Information provided: Begin
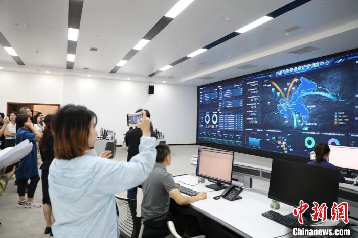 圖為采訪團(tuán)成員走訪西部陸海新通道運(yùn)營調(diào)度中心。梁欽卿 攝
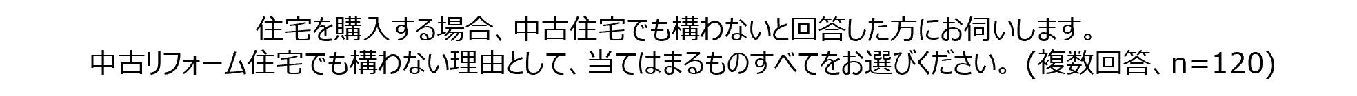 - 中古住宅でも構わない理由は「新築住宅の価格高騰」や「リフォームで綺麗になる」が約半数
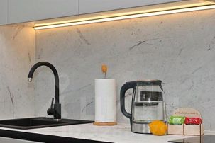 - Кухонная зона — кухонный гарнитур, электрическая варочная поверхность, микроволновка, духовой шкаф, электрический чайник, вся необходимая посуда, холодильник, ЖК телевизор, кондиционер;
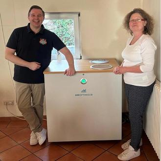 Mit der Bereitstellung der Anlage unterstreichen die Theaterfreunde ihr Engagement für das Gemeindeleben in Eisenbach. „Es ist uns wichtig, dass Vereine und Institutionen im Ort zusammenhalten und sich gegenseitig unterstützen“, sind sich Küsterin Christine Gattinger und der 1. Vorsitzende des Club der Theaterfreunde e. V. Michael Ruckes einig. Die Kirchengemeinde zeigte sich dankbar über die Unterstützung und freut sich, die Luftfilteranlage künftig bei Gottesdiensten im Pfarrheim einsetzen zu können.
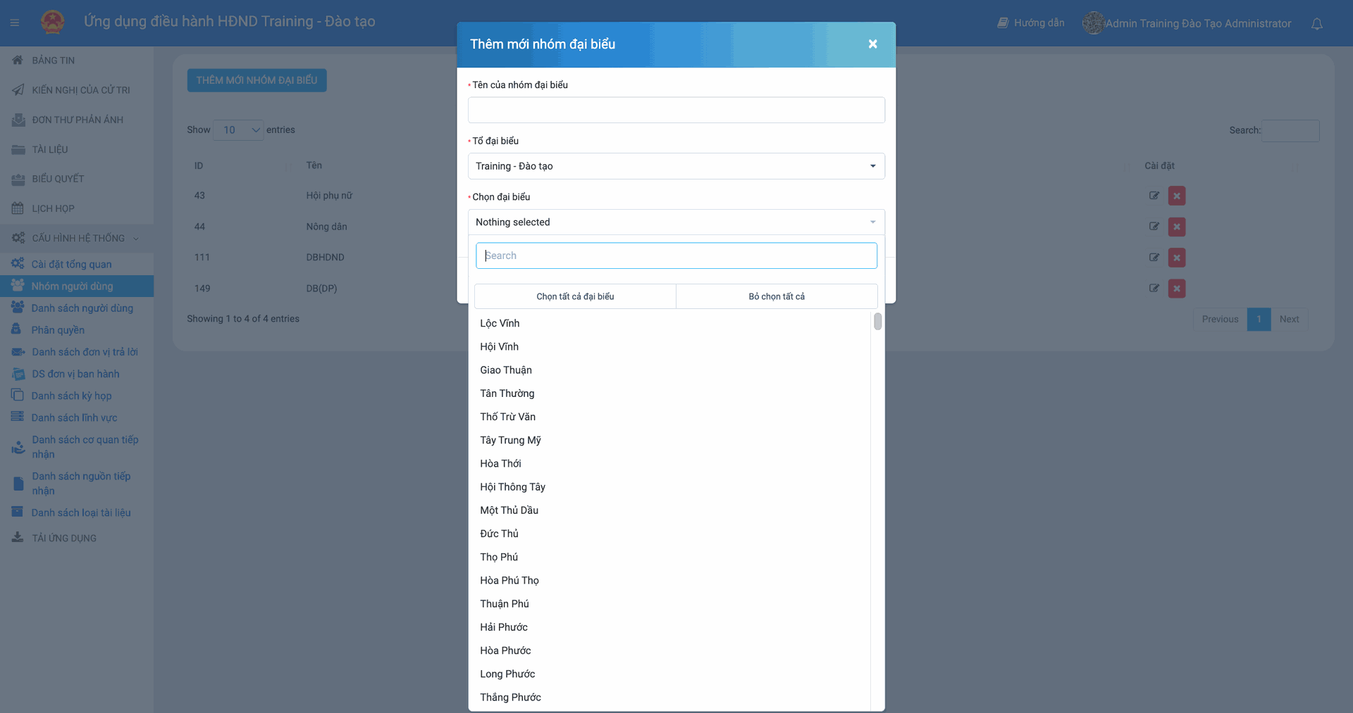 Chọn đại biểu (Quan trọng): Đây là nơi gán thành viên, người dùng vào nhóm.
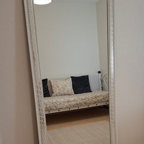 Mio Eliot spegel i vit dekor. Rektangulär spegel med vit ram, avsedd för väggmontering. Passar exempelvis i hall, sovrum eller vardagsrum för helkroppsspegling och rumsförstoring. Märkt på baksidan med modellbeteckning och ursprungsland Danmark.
Information provided: End
What the task requires
Write out every record exactly. Leave the pictures out.

Answer for the task
 圖為采訪團(tuán)成員走訪西部陸海新通道運(yùn)營調(diào)度中心。梁欽卿 攝
 - 中古住宅でも構わない理由は「新築住宅の価格高騰」や「リフォームで綺麗になる」が約半数
 - Кухонная зона — кухонный гарнитур, электрическая варочная поверхность, микроволновка, духовой шкаф, электрический чайник, вся необходимая посуда, холодильник, ЖК телевизор, кондиционер;
 Mit der Bereitstellung der Anlage unterstreichen die Theaterfreunde ihr Engagement für das Gemeindeleben in Eisenbach. „Es ist uns wichtig, dass Vereine und Institutionen im Ort zusammenhalten und sich gegenseitig unterstützen“, sind sich Küsterin Christine Gattinger und der 1. Vorsitzende des Club der Theaterfreunde e. V. Michael Ruckes einig. Die Kirchengemeinde zeigte sich dankbar über die Unterstützung und freut sich, die Luftfilteranlage künftig bei Gottesdiensten im Pfarrheim einsetzen zu können.
 Chọn đại biểu (Quan trọng): Đây là nơi gán thành viên, người dùng vào nhóm.
 Mio Eliot spegel i vit dekor. Rektangulär spegel med vit ram, avsedd för väggmontering. Passar exempelvis i hall, sovrum eller vardagsrum för helkroppsspegling och rumsförstoring. Märkt på baksidan med modellbeteckning och ursprungsland Danmark.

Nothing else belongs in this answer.